## Task prompt:
Print, exactly and with no pictures, the line containing "Комплекты постельного белья" and each line after it to the end of the entries below.

Items from a dataset
───

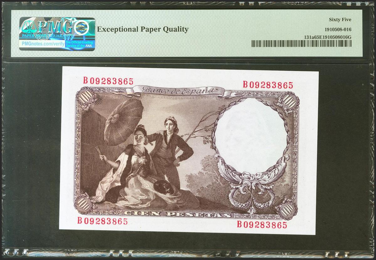 100 pesetas. February 19, 1946. Series B. (Edifil 2021: 451b). Unusual in this quality, retaining all its original sizing. Uncirculated. PMG65EPQ package.
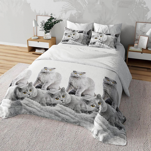 Комплекты постельного белья отшиваются с наволочками 70*70 в количестве 2 штук, упаковываются в прозрачный пакет ПВХ и комплектуются картонным вкладышем с ярким печатным изображением.
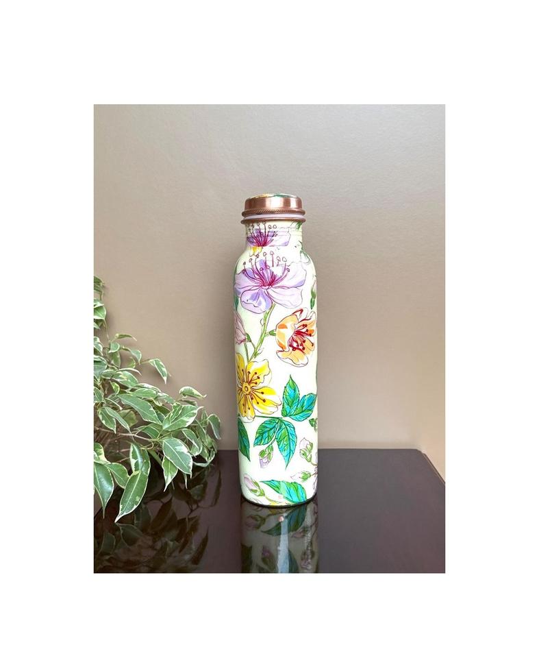 Elegant Copper Metal Water Bottle with Handcrafted Detailing Axiom Home Accents Ayurvedic Properties for Daily Wellness
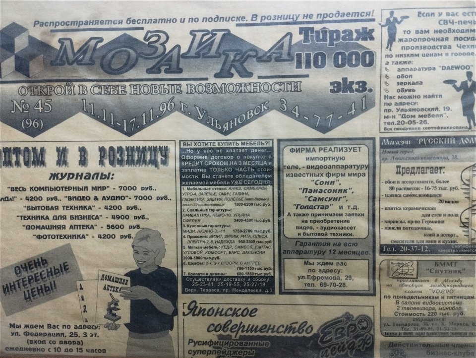 За 31 год (без малого) свою рекламу на страницах «Мозаики» размещали большинство компаний Ульяновска.
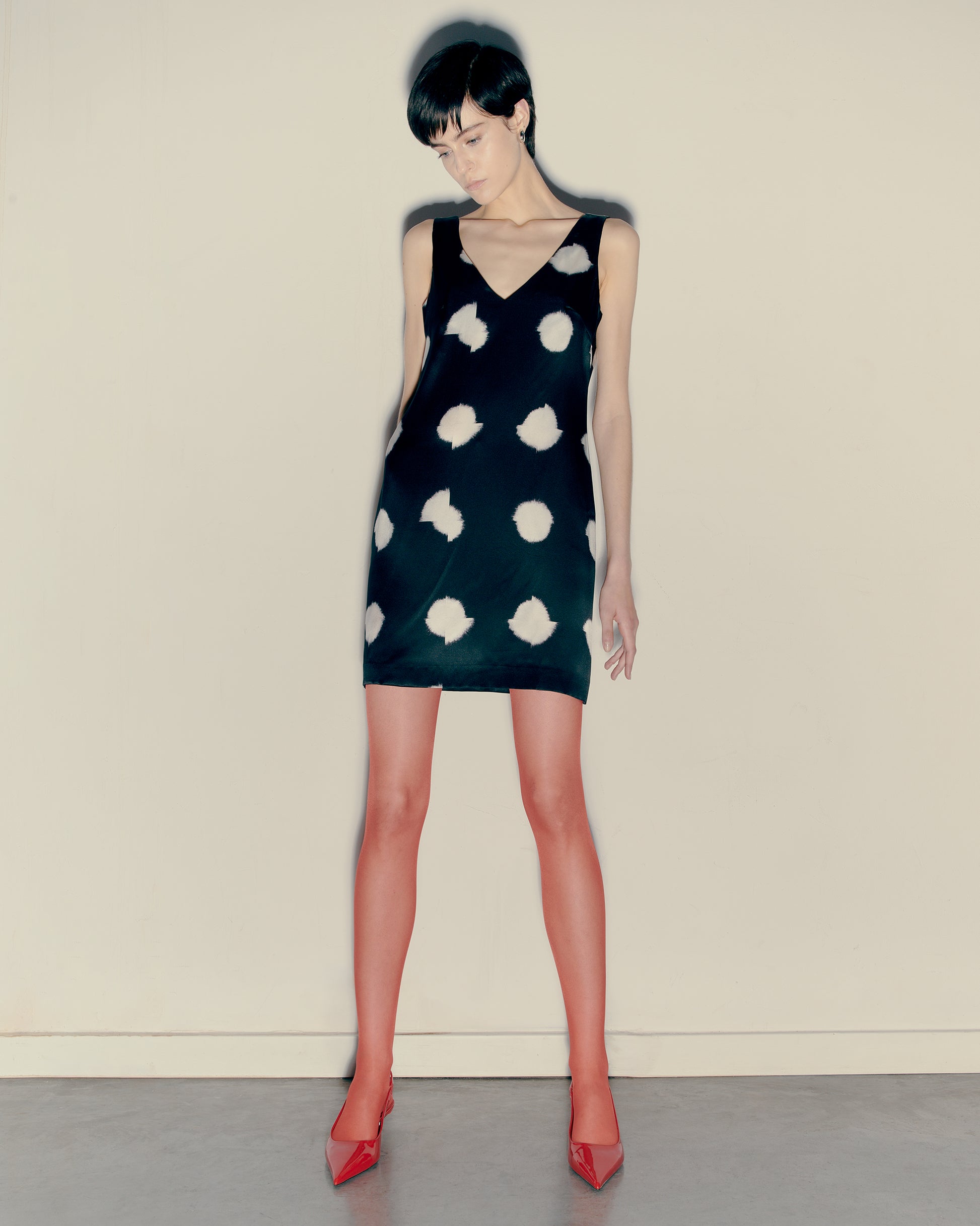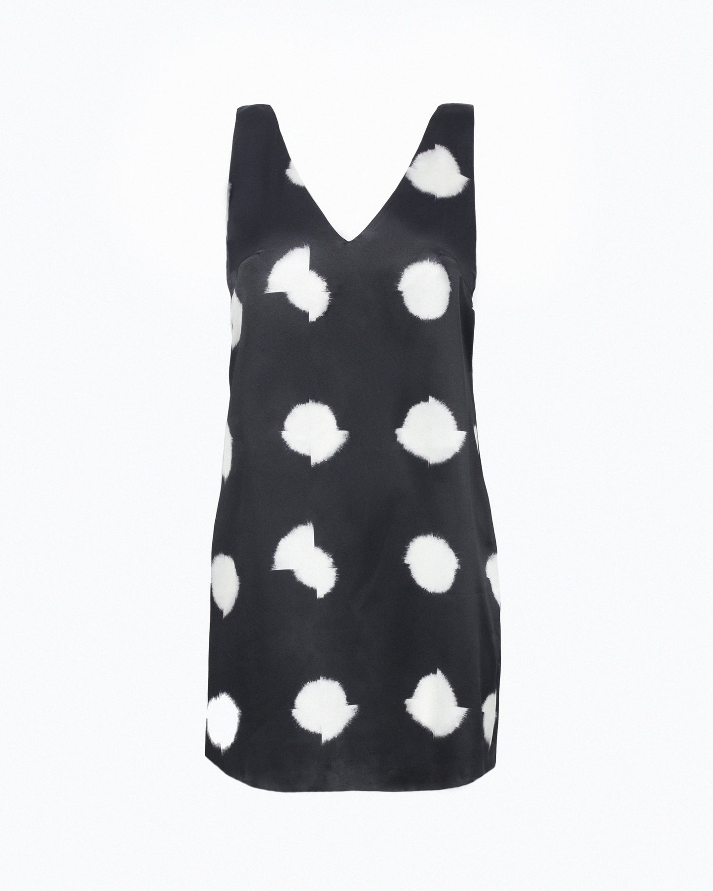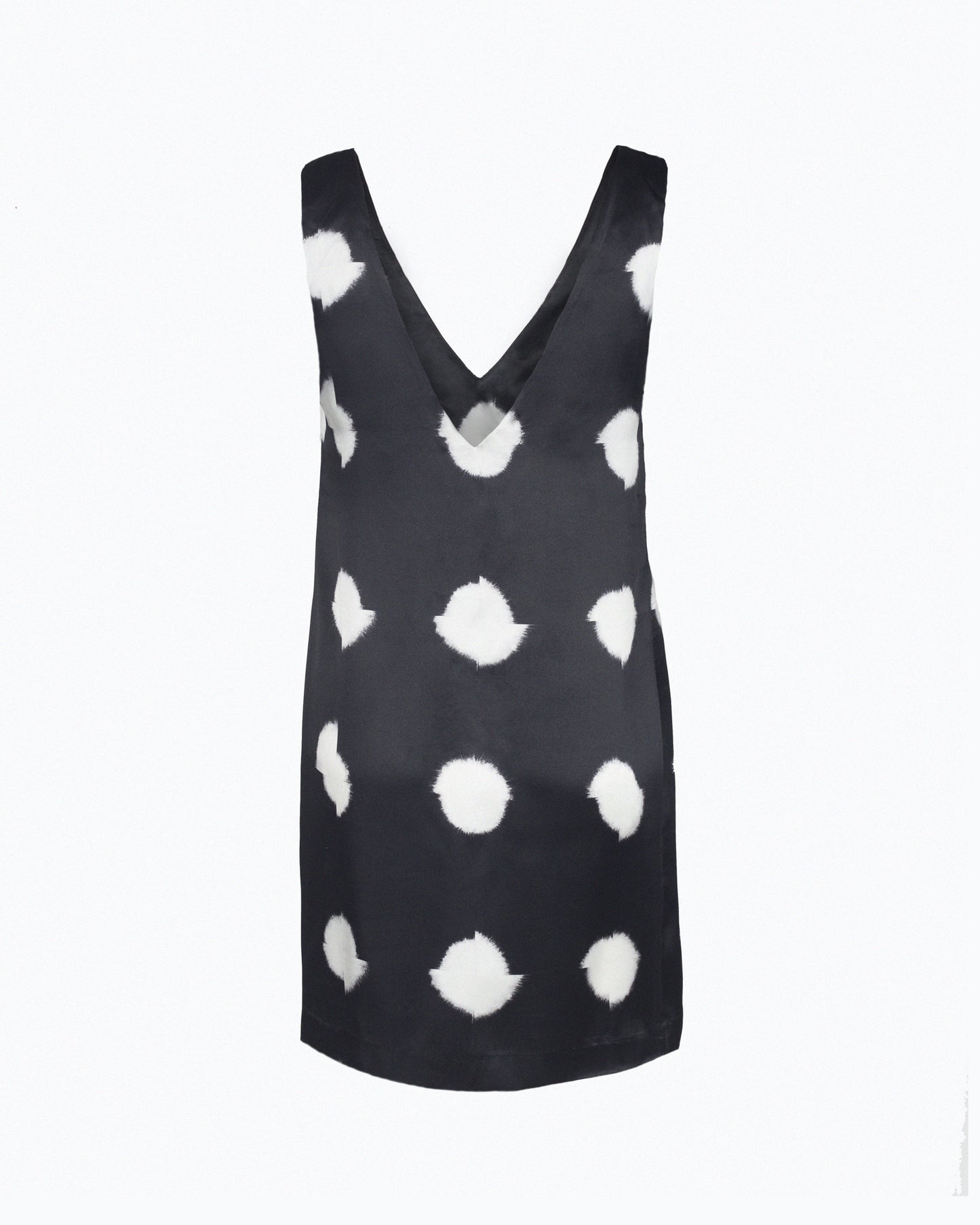 Combining comfort and elegance, this dress showcases art-inspired deconstructed dots on black print. Crafted from luxurious silk fabric, it effortlessly drapes, offering a versatile design suitable for any occasion. The short length adds a hint of flirtiness, making it a timeless wardrobe essential that beautifully embraces sophistication.

───

## Result of the exercise:
 Комплекты постельного белья отшиваются с наволочками 70*70 в количестве 2 штук, упаковываются в прозрачный пакет ПВХ и комплектуются картонным вкладышем с ярким печатным изображением.
 Elegant Copper Metal Water Bottle with Handcrafted Detailing Axiom Home Accents Ayurvedic Properties for Daily Wellness
 За 31 год (без малого) свою рекламу на страницах «Мозаики» размещали большинство компаний Ульяновска.
 Combining comfort and elegance, this dress showcases art-inspired deconstructed dots on black print. Crafted from luxurious silk fabric, it effortlessly drapes, offering a versatile design suitable for any occasion. The short length adds a hint of flirtiness, making it a timeless wardrobe essential that beautifully embraces sophistication.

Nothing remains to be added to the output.